Preseason All-WCC Team:
- Gary Bell, Jr., Gonzaga, Junior, Guard
- Stacy Davis, Pepperdine, Sophomore, Forward
- Johnny Dee, San Diego, Junior, Guard
- Cole Dickerson, San Francisco, Senior, Forward
- Cody Doolin, San Francisco, Senior, Guard
- Tyler Haws, BYU, Junior, Guard
- Stephen Holt, Saint Mary's, Guard
- Anthony Ireland, LMU, Senior, Guard
- Kevin Pangos, Gonzaga, Junior, Guard
- Brad Waldow, Saint Mary's, Junior, Forward
Check out how the coaches' list compares with our top-ten.
The University of the Pacific returns:
The Tigers have officially been a member of the WCC since July 1st, but today was their first day back in the conference's top sport. The Tigers were a founding member of the WCC but left for the Big West in 1971. Head coach Ron Verlin told me that, thanks to longtime coach Bob Thomason (who was retired after last season), the Tigers never forgot about their WCC past. Thomason played for Pacific while still in the WCC and would occasionally talk about the Bay Area rivalries.

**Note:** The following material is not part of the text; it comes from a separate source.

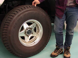 このスタッドレスは一番大きなサイズだそうで その大きさ、なんと35インチ!(ヨコハマ製) ひぇぇ〜〜〜 |

On the court, coach Verlin is concerned about the style-of-play differences between the Big West and WCC. "When you think about Big West basketball," Verlin said, "it's more quick, more athletic, smaller perimeter players." Compared to the WCC which has, "more double post type offense instead of the four out one in type motion." Verlin also said the WCC is, "maybe not as athletic but more a skill conference."

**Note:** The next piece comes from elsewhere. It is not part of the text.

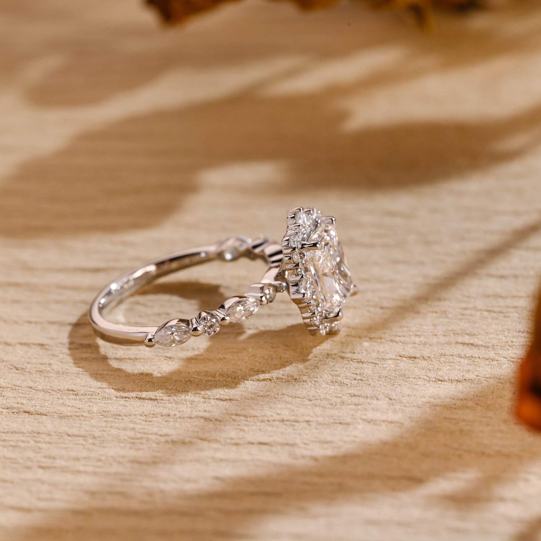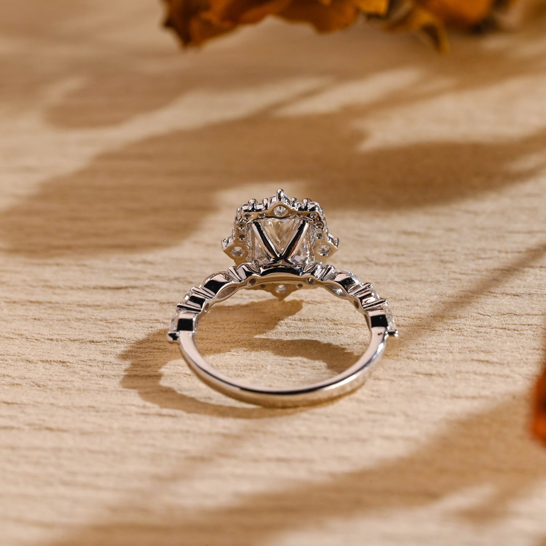 1.0CT Radiant Cut Cluster Diamond Moissanite Engagement Ring

While he thinks the Tigers will be competitive from the get go, getting to the top will be a challenge. "We can compete with the team we have right now, with seven seniors. I do, being realistic, think it will take a couple years to get to the top. We have to change our recruiting a little bit. We need to get bigger guards and bigger front line guys." Once that happens, though, expect to see Pacific challenge the WCC's big three. The Tigers have the fourth highest win percentage, since 2000-01, among WCC teams.
How does Santa Clara replace three 1,000 point scorers?
Senior point guard Evan Roquemore (a 1,000 point scorer in his own right) and fourth year juniors Yannick Atanga and Julian Clarke are the obvious answers. However, head coach Kerry Keating is high on his large incoming freshman class.
"As has been the case with the two large freshman classes that we've had, there is a unique bond that happens when they have an opportunity to all play. Which is starting to happen a little bit now... sometimes we're putting them all together and obviously we're trying to create continuity and chemistry," Keating said, "they're very talented and we need them to play, they're half of our team."
Will Kyle Collinsworth return to form, after his LDS Mission, as quickly as Tyler Haws?
BYU head coach Dave Rose said, "I've been at BYU for... this is the start of my 19th season and I've never seen anybody do what Tyler did. I think it's a bit unrealistic to think the next guy is going to be that good. But, Kyle is going to be a real advantage to our team. What he does from the guard position, at 6-7, will be special in this league." Yes, he's 6-7, a guard, and coach Rose will play him "with the ball in his hands."
Another guy to keep an eye on from BYU? Freshman Frank Bartley.
Can Matthew Dellavedova be replaced at Saint Mary's?
Cullen Neal looked to be the replacement, but then he was granted a release to play for his dad, Craig, when he became head coach at New Mexico. Now, head coach Randy Bennett says senior Stephen Holt will handle point guard duties. Holt has been one of the best off-ball guards out west since his freshman season, but he doesn't have the typical point guard skill set.
While trying to answer the Dellavedova question, Bennett answered an even more important question. A question that I hadn't even thought of. Does Randy Bennett love mid-majors? At the end of the interview, Bennett had forgotten who I was with. When I told him "Mid-Major Madness" he said,"Oh, I love it, I love mid-majors!"